#### Given entries
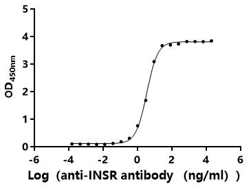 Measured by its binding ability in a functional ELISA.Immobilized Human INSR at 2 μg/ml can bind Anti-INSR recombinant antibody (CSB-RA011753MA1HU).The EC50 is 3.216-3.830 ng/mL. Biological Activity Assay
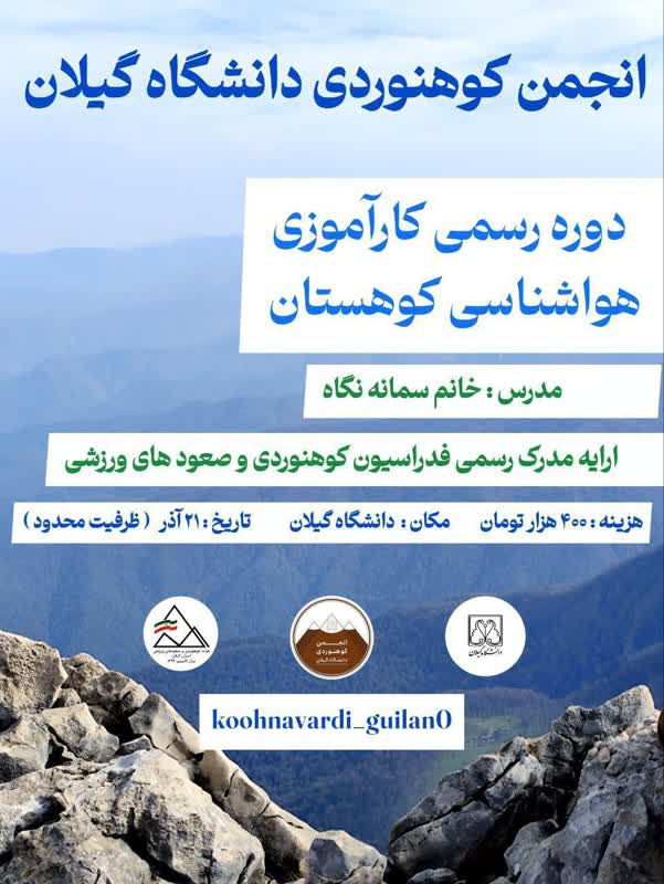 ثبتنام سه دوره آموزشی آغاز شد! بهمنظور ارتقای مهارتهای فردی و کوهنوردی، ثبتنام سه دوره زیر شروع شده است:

--

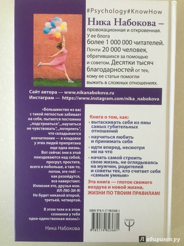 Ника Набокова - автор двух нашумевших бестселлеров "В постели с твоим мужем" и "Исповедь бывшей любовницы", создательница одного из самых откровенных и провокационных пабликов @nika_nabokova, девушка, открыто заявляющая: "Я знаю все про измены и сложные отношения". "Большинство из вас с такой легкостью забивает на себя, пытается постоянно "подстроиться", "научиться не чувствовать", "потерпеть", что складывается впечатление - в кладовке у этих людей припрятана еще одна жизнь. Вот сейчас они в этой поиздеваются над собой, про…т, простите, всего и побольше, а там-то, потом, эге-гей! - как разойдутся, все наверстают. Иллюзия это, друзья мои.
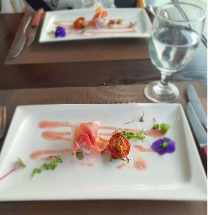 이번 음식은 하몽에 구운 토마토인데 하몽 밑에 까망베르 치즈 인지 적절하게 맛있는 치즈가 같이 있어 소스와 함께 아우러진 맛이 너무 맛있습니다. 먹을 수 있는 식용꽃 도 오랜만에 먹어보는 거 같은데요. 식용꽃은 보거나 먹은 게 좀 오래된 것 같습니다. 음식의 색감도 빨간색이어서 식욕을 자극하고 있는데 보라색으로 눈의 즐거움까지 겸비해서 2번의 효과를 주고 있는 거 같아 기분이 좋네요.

#### Exercise prompt
Without the pictures, set down the lines above from the line with "Measured by its" up to and including the line with "ثبتنام سه دوره آموزشی" exactly as they stand.

#### Solution below
 Measured by its binding ability in a functional ELISA.Immobilized Human INSR at 2 μg/ml can bind Anti-INSR recombinant antibody (CSB-RA011753MA1HU).The EC50 is 3.216-3.830 ng/mL. Biological Activity Assay
 ثبتنام سه دوره آموزشی آغاز شد! بهمنظور ارتقای مهارتهای فردی و کوهنوردی، ثبتنام سه دوره زیر شروع شده است:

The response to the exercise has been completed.